This invention relates to compositions containing a pair of metal compounds distributed interactively on a deboronated HAMS-1B crystalline borosilicate molecular sieve (DBH) and a process of using such compositions as oxidation or oxidative dehydrogenation catalysts. More particularly, this invention relates to an improved process and composition for the alkyl group oxidation or oxidative dehydrogenation of an alkyl-substituted aromatic using a novel metal-compound-containing composition based upon a deboronated HAMS-1B crystalline borosilicate molecular sieve. Still more particularly, this invention relates to improved process for the methyl group oxidation of a methyl-substituted aromatic, such as p-xylene, to an aromatic mono and/or dialdehyde using a catalytic amount of a novel composition containing an iron molybdenum material distributed interactively on a deboronated HAMS-1B crystalline borosilicate molecular sieve.

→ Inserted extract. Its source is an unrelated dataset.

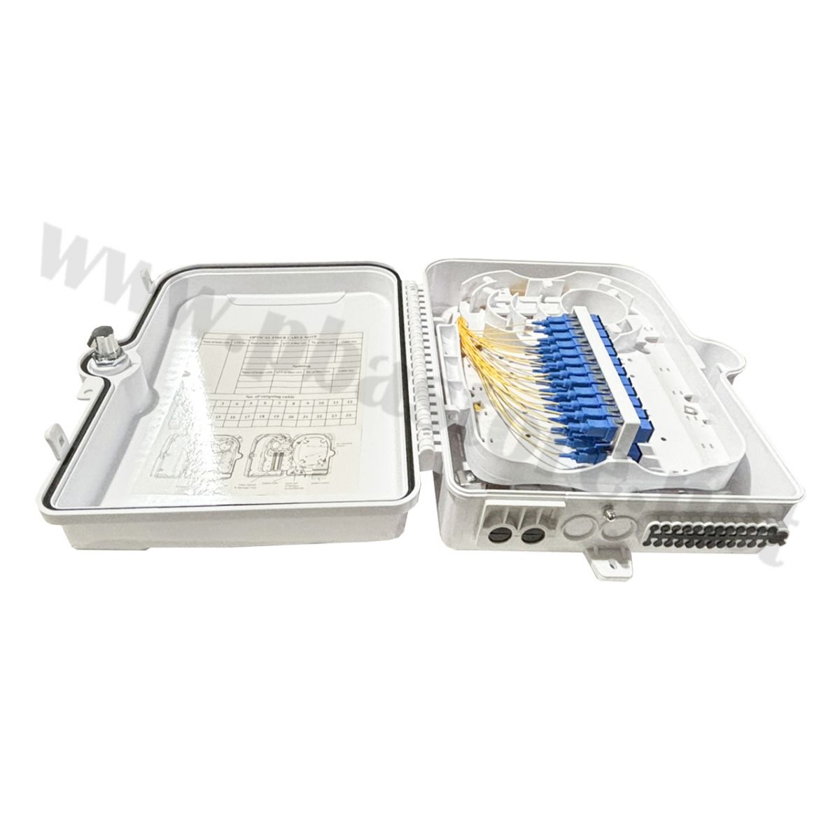 Tags: กล่องพักสายไฟเบอร์, 24Core, FiberOptic, DistributionBox, SCUPC, FTTH, อุปกรณ์ไฟเบอร์ออฟติก, กล่องกันน้ำ, Pigtail, Adapter, โครงข่ายสื่อสาร, งานติดตั้งCCTV, ระบบเน็ตเวิร์ค, ตู้พักสายไฟเบอร์, สำเร็จรูปพร้อมใช้

U.S. Pat. No. 3,597,485 discloses a process for preparation of terephthalaldehyde (referred to herein as TPAA) which comprises subjecting p-xylene to a vapor phase oxidation in the presence of a catalyst mixture consisting of tungsten and molybdenum compounds.
U.S. Pat. No. 3,845,137 describes a process for preparation of TPAA in which p-xylene is oxidized in the vapor phase in the presence of a supported catalyst mixture of oxides of tungsten and molybdenum and at least a third metal or oxide selected from the group consisting of calcium, barium, titanium, zirconium, hafnium, thallium, niobium, zinc, and tin. According to this patent, the three component catalyst composition processes have improved catalyst life when compared to the catalyst described in U.S. Pat. No. 3,597,485. However, in both of these patents the conversion of p-xylene to TPAA is low.

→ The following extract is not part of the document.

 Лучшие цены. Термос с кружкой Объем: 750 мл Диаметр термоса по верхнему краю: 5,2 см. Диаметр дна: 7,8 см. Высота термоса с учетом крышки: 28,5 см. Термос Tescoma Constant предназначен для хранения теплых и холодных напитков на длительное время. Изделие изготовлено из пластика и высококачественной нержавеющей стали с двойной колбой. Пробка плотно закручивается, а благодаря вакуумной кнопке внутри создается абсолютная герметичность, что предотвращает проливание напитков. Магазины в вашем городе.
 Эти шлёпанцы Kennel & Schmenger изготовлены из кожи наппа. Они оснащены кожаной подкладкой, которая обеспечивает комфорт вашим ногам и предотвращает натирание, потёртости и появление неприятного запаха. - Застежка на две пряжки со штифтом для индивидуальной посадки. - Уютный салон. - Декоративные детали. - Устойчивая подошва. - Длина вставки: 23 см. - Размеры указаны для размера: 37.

U.S. Pat. No. 4,017,547 describes an improved process for making TPAA which uses a mixture of molybdenum oxide and silico-tungstic acid in combination with bismuth oxide. Catalyst lifetime and conversion to TPAA are both said to be improved over the prior art techniques. Not only is the conversion of p-xylene to TPAA said to be increased substantially by the use of the oxide of bismuth, but catalyst life is also said to be improved considerably, thereby permitting the operation of the oxidation process for longer periods of time before catalyst regeneration is required.
In an article entitled "Polymer Applications of Some Terephthalaldehyde Derivatives" in Ind. & Eng. Chem., Prod. Res. Dev. 15 (1) 83-88(1976), the authors use a tungsten-molybdenum catalyst in a ratio of about 9:1 deposited in an amount of ten percent or less on an alumina support to oxidize a mixture of air and p-xylene at 475.degree. C. to 575.degree. C. to a mixture of tolualdehyde (TAL) and TPAA. A 40-60% yield of TPAA with a minor production of byproducts is reported. The lifetime of the catalyst however appears to be poor.
Two catalyst properties are of primary importance for the operation of a continuous oxidation or oxidative dehydrogenation process which converts alkanes, aromatics or alkyl aromatics on a commercial scale. The first is yield of the desired oxidation product and the second is catalyst lifetime.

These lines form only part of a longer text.